■ Problem details
Retype the listing below exactly, pictures removed.

[Data provided]

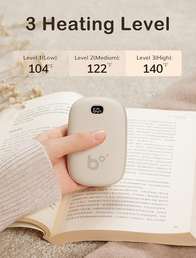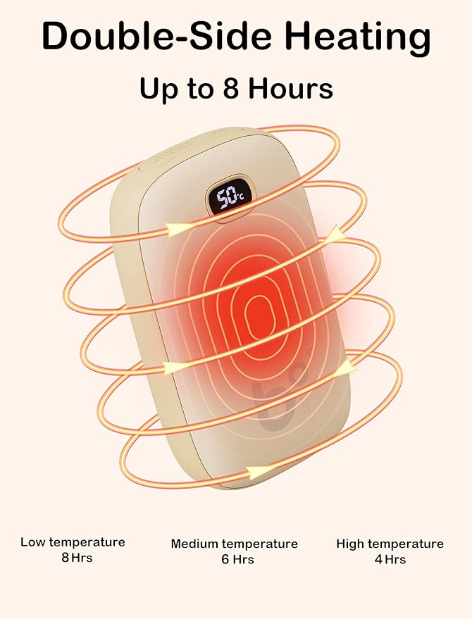 - 【3 Heat Levels & 8 Hrs Lasting Heating】JISULIFE hand warmer heats up in 3 seconds from double sides. Simply press the button to switch the temperature between 3 heating levels: 104℉ (40℃ ) /122℉ (50℃) /140℉ (60℃), Charging the hand warmer for 3-3.5 hours and warm your hands for 4-8 hours! Fitting for outdoor sporting, fishing, hiking, camping, skiing, travel, walking the dog in cold weather.
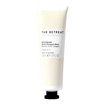Retreat Restoring Multi-Purpose Balm er tilsatt rosa og klar kvartskrystall og kan brukes på tørre områder som lepper, albuer, hæler og neglebånd. Den kompakte størrelsen på 30 ml gjør den enkel å ta med seg på farten. Passer for alle hudtyper med fokus på tørre og irriterte områder.
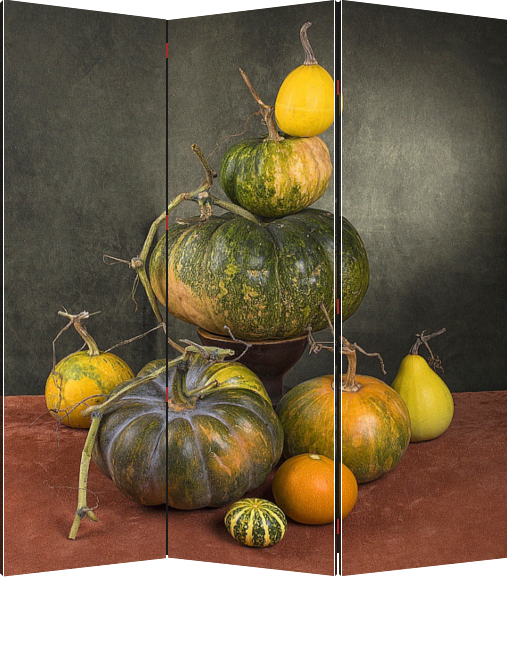 Описание ширмы Фотография урожая спелых тыкв на коричневом фоне. Продукты питания являются прекрасным объектом для фотосъёмки в различных условиях и всегда прекрасно смотрятся на любом фоне.
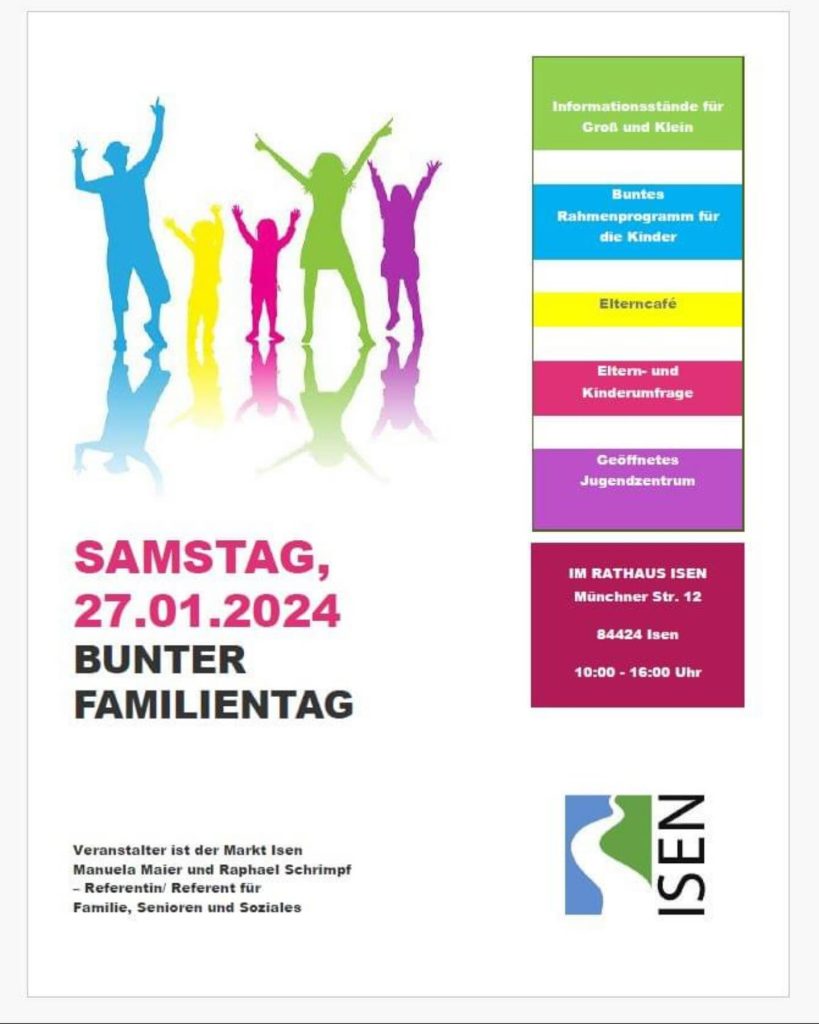 Am Samstag, 27. Januar 2024 findet im Rathaus zwischen 10 Uhr und 16 Uhr der erste „Bunte Familientag“ in Isen statt.

[/Data provided]

■ Task output
 - 【3 Heat Levels & 8 Hrs Lasting Heating】JISULIFE hand warmer heats up in 3 seconds from double sides. Simply press the button to switch the temperature between 3 heating levels: 104℉ (40℃ ) /122℉ (50℃) /140℉ (60℃), Charging the hand warmer for 3-3.5 hours and warm your hands for 4-8 hours! Fitting for outdoor sporting, fishing, hiking, camping, skiing, travel, walking the dog in cold weather.
Retreat Restoring Multi-Purpose Balm er tilsatt rosa og klar kvartskrystall og kan brukes på tørre områder som lepper, albuer, hæler og neglebånd. Den kompakte størrelsen på 30 ml gjør den enkel å ta med seg på farten. Passer for alle hudtyper med fokus på tørre og irriterte områder.
 Описание ширмы Фотография урожая спелых тыкв на коричневом фоне. Продукты питания являются прекрасным объектом для фотосъёмки в различных условиях и всегда прекрасно смотрятся на любом фоне.
 Am Samstag, 27. Januar 2024 findet im Rathaus zwischen 10 Uhr und 16 Uhr der erste „Bunte Familientag“ in Isen statt.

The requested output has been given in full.